The retry loop handles transient flakes; the breaker handles persistent failure. Different responsibilities, composed at the call site.

API

type CircuitState = "closed" | "open" | "half-open";

interface CircuitSnapshot {
  state: CircuitState;
  consecutiveFailures: number;
  openedAt: number;
}

interface CircuitBreakerPolicy {
  failureThreshold: number;
  resetTimeout: Millis;
  enabled: boolean;
}

const cb: {
  policy(options: { failureThreshold; resetTimeout }): CircuitBreakerPolicy;
  none(): CircuitBreakerPolicy;
};

type CircuitEvent =
  | { type: "circuit:opened"; consecutiveFailures: number; at: Instant }
  | { type: "circuit:half-open"; at: Instant }
  | { type: "circuit:closed"; at: Instant };

interface CircuitOpenError {
  type: "CIRCUIT_OPEN";
  openedAt: number;
  willRetryAfter: number;
}

function createCircuitBreaker(options: { policy; clock }): CircuitBreaker;

What this does NOT do

• No failure rate windows. The threshold is consecutive failures, not "10 failures in the last minute." If you need sliding-window rate breakers, wrap the breaker with your own counter.
• No half-open budget. Exactly one probe is allowed in half-open.

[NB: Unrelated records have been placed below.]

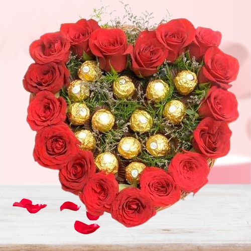 Give this incredible Valentines Day gift of Gorgeous 18 Red Roses and 16pc Ferrero Rocher Heart Shape Bouquet to express the tenderness of your love for someone you adore.
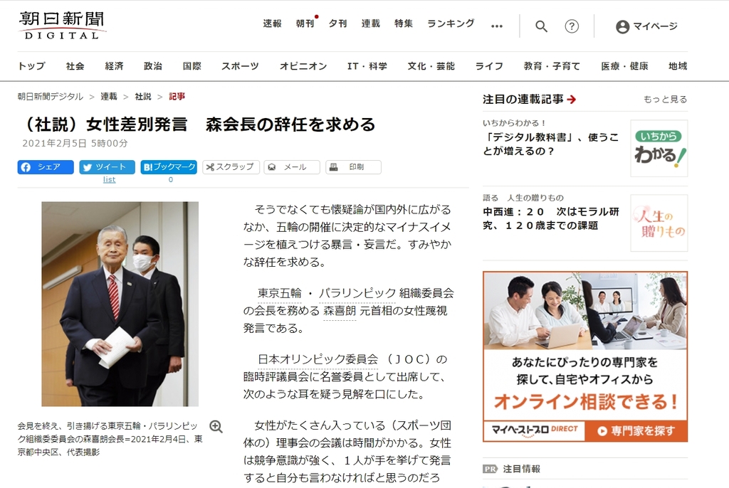| ▲ (도쿄=연합뉴스) 여성 차별 발언을 한 모리 요시로 2020도쿄올림픽·패럴림픽 조직위원장의 사퇴를 주장하는 아사히신문 5일 자 사설. [아사히신문 해당 웹페이지 갈무리] |
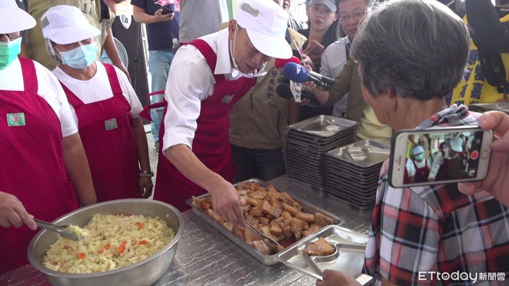 國民黨總統參選人韓國瑜,全力準備2020年總統大選,請假展開傾聽之旅,緊接著來到嘉義,21日一早參拜水上璿宿上天宮,接著前往崩山社區活動中心老人食堂與長者共餐,韓國瑜化身打菜郎,才剛幫6位長輩夾完肉,就立刻被打斷。
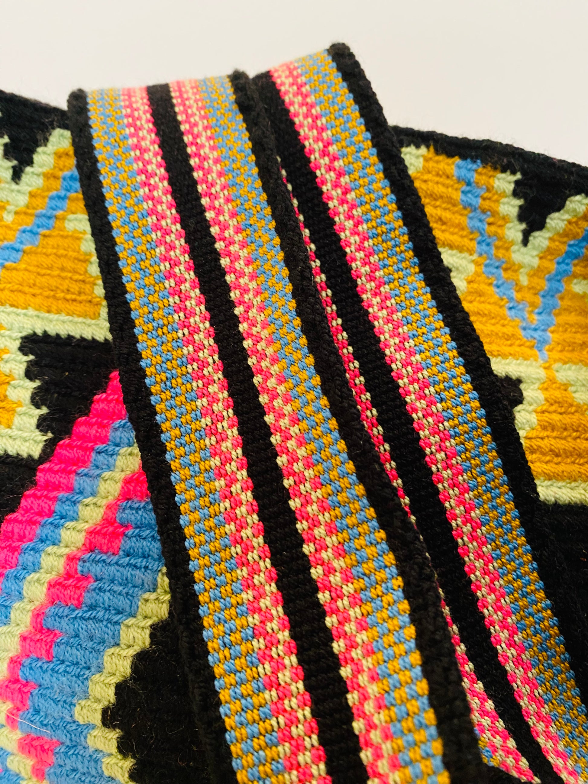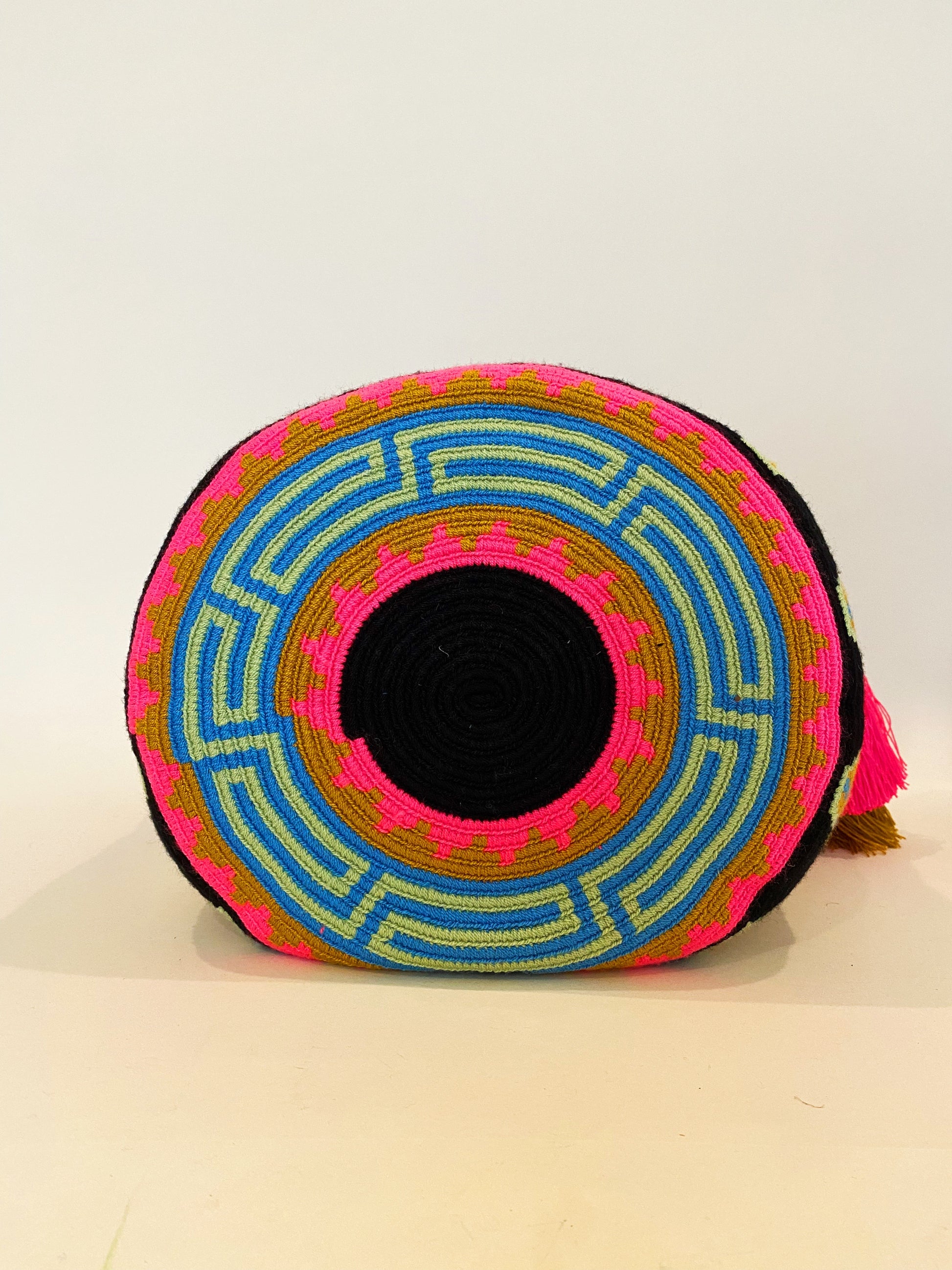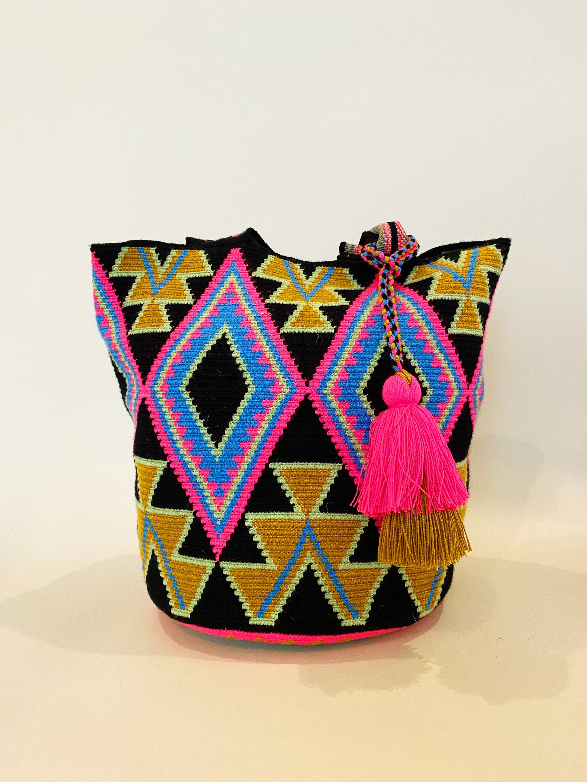 Handwoven in Colombia by a Female Artisan. Each bag can take an artisan up to two weeks to complete, making them true works of art. Even the bottoms of the bags have a unique design.
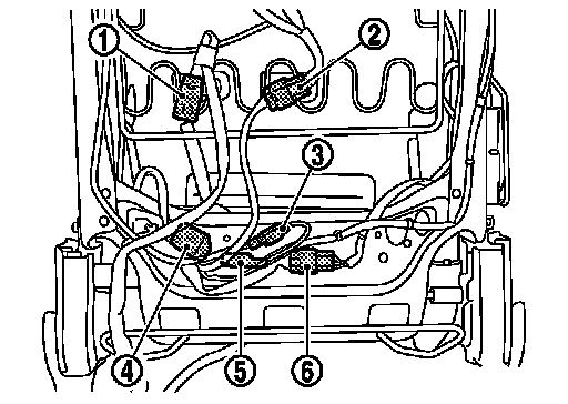 Locate side support switch harness (4) in the upper position of seat control harness (2) and fix to seat cushion outer finisher (1) boss using a self locking band (5) as shown in the figure.
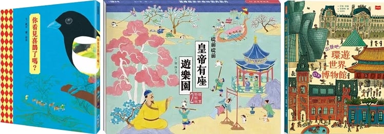 還有三本與博物館相關的書,《你看見喜鵲了嗎?》以故宮博物院國寶《清明上河圖》為本,輔以現代的畫風、故事和沉浸遊戲,展開一場追尋喜鵲的奇遇。《故宮好好玩2:從前從前皇帝有座遊樂園》以季節月令民俗的主題,帶著玩心遊賞典藏名作。《出發吧!環遊世界13大博物館》在紙上遊覽世界博物館精華,讀完眼界也被打開。
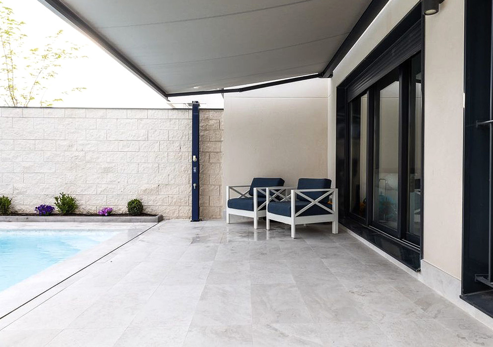 Laying a light-coloured floor for the terrace will promote the feeling of spaciousness in this area. In this project, Piscinas CI has used the large 60 x 120 cm format of our Cupira Hueso porcelain tile. With a design inspired by natural irregular slate in light tones that create the effect of spaciousness and luminosity that this cosy terrace needed, as it is completely enveloped by walls that create shade in the area.
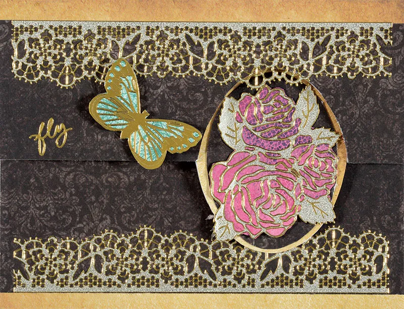 TECHNIQUE: Back the Dazzles&trade,; Place the roses part of the three cluster Dazzles™ on pink paper. Cut close to the Dazzles™ edge. Place the two cluster Dazzles™ with rose bud on pink paper, do the same. Use the same process to place the butterfly on teal circles paper.
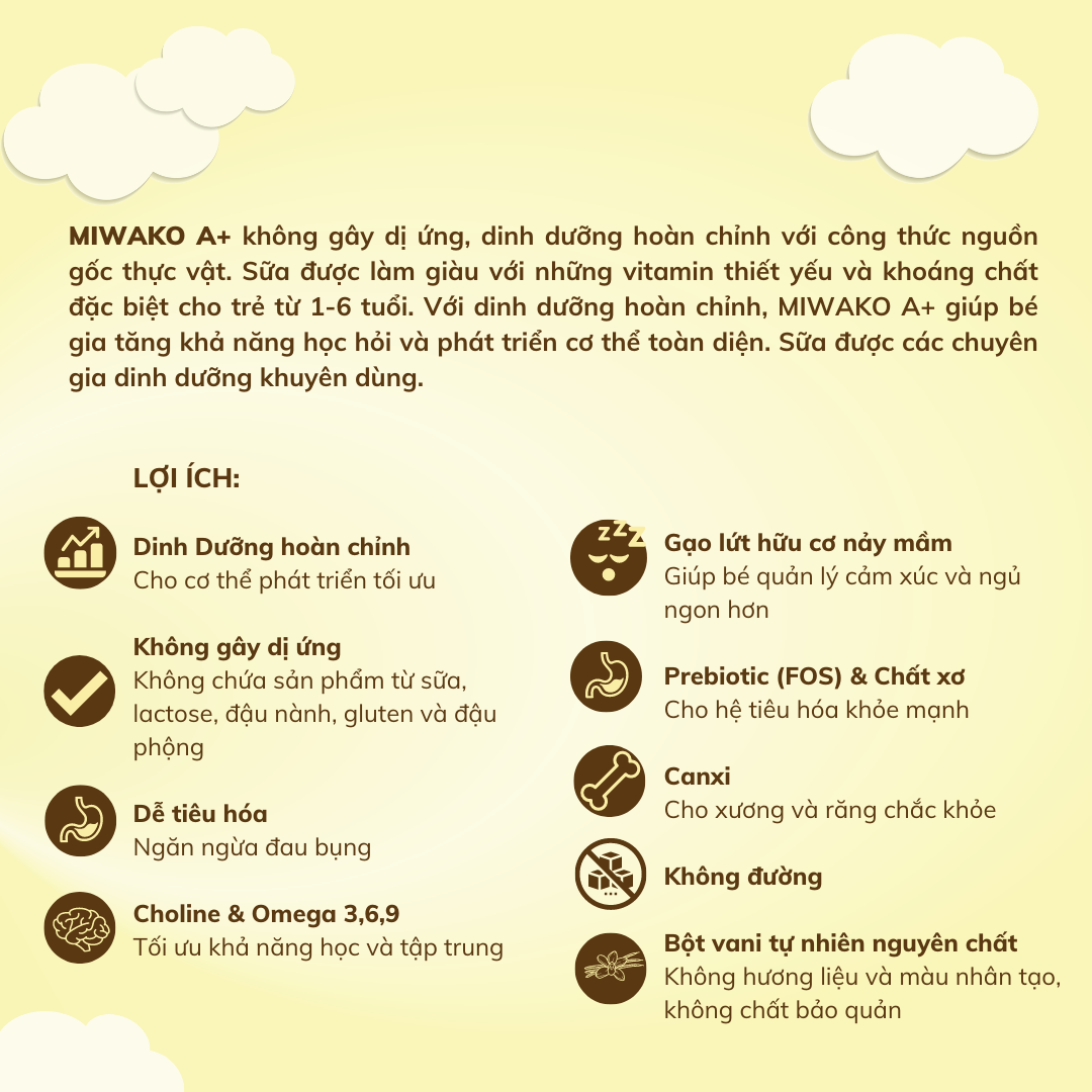 - Miwako là dòng sữa hạt hữu cơ dành cho các bé phát triển trí não & chiều cao
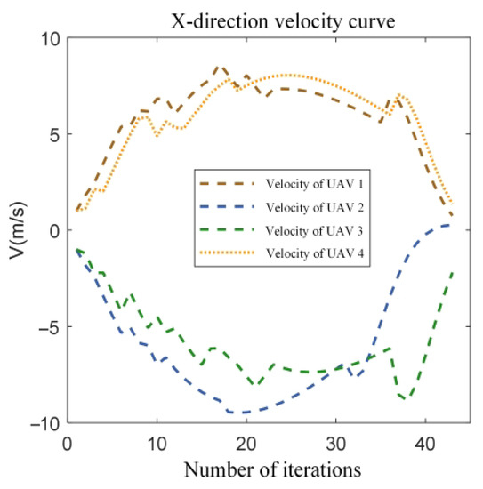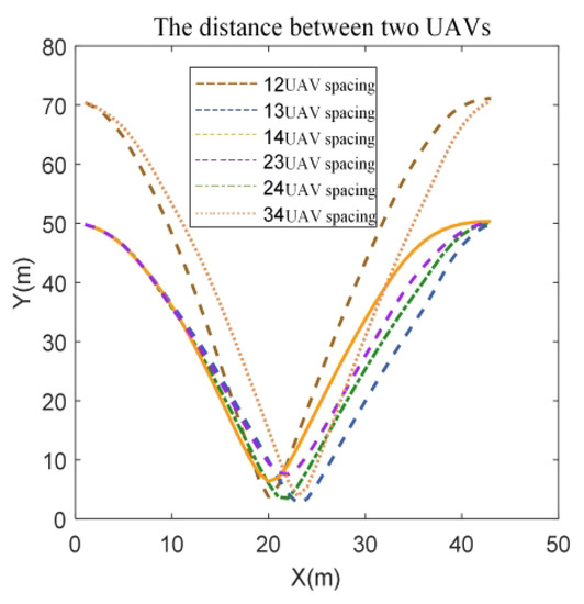 This subsection examines the impact of collision avoidance constraints in the trajectory-planning algorithm to demonstrate that collision-free arrival at the target position is possible during the formation transformation. We set the initial formation of four UAVs as a rectangle to necessitate trajectory crossover during the transformation process. The crossover transformation is then applied to the diagonal vertices within the 2D plane. The coordinates of UAVs 1–4 are set as (0, 0), (50, 50), (50, 0), and (0, 50), respectively, and the simulation results are presented in Figure 9, Figure 10, Figure 11 and Figure 12.
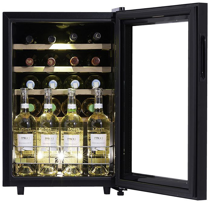 Дверь холодильника изготовлена из прозрачного стекла, которое защищает вино от ультрафиолетового излучения. Внутри устройства находятся четыре полки из дерева, что не только придает элегантности общему виду, но и обеспечивает оптимальные условия для хранения вина. Кроме того, винный шкаф компрессорный, что обеспечивает стабильную температуру и идеальные условия для хранения вина.
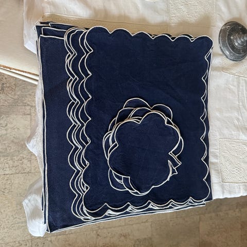 Sælger disse 4 blå stof dækkeservietter med Peter Plys motiv på den ene side og 101 Dalmatinere på den anden side.
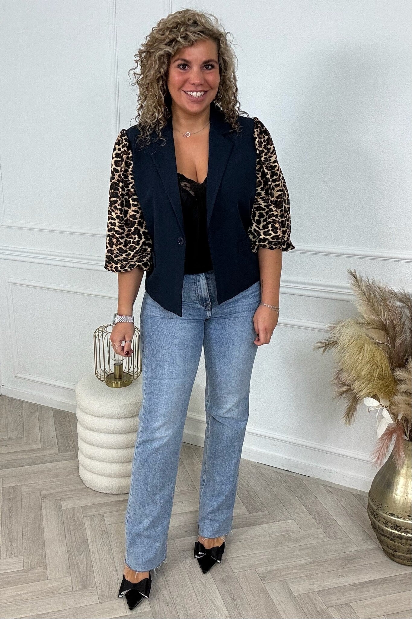 Wat een prachtige blazer! Prachtig afgewerkt met leopard mouwen! Shop hem nu in navy.
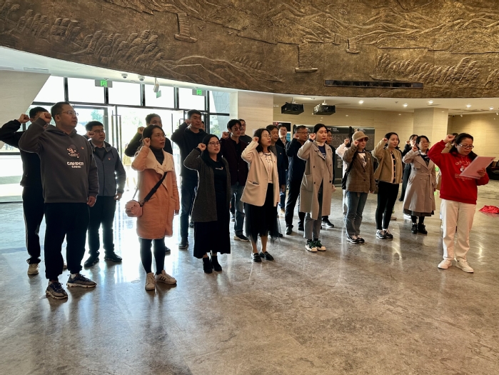 参观后,在展览馆中厅,面向党旗,学院党委书记朱建群记带领党员教师,重温入党誓词。全体党员高举右手,庄严宣誓,醒目的誓词凝聚起不忘初心的信念和力量。

Some implementations allow N probes with a partial-success threshold; this one doesn't.
• No error-type awareness. Every thrown error counts as a failure. If you want to ignore certain errors (e.g. 4xx HTTP responses that shouldn't open the breaker), catch them in fn and return a success value.

What you get

• Clock-driven state transitions — deterministic under ControlledClock.
• Atom-backed state — observable, composable with other Phyxius primitives.
• Structured outcomes — CIRCUIT_OPEN is a typed value with openedAt / willRetryAfter for diagnostics.
• Zero implicit behavior — cb.none() is the way to declare "no breaker," not omission.

Small primitive. Does one thing. Composes cleanly.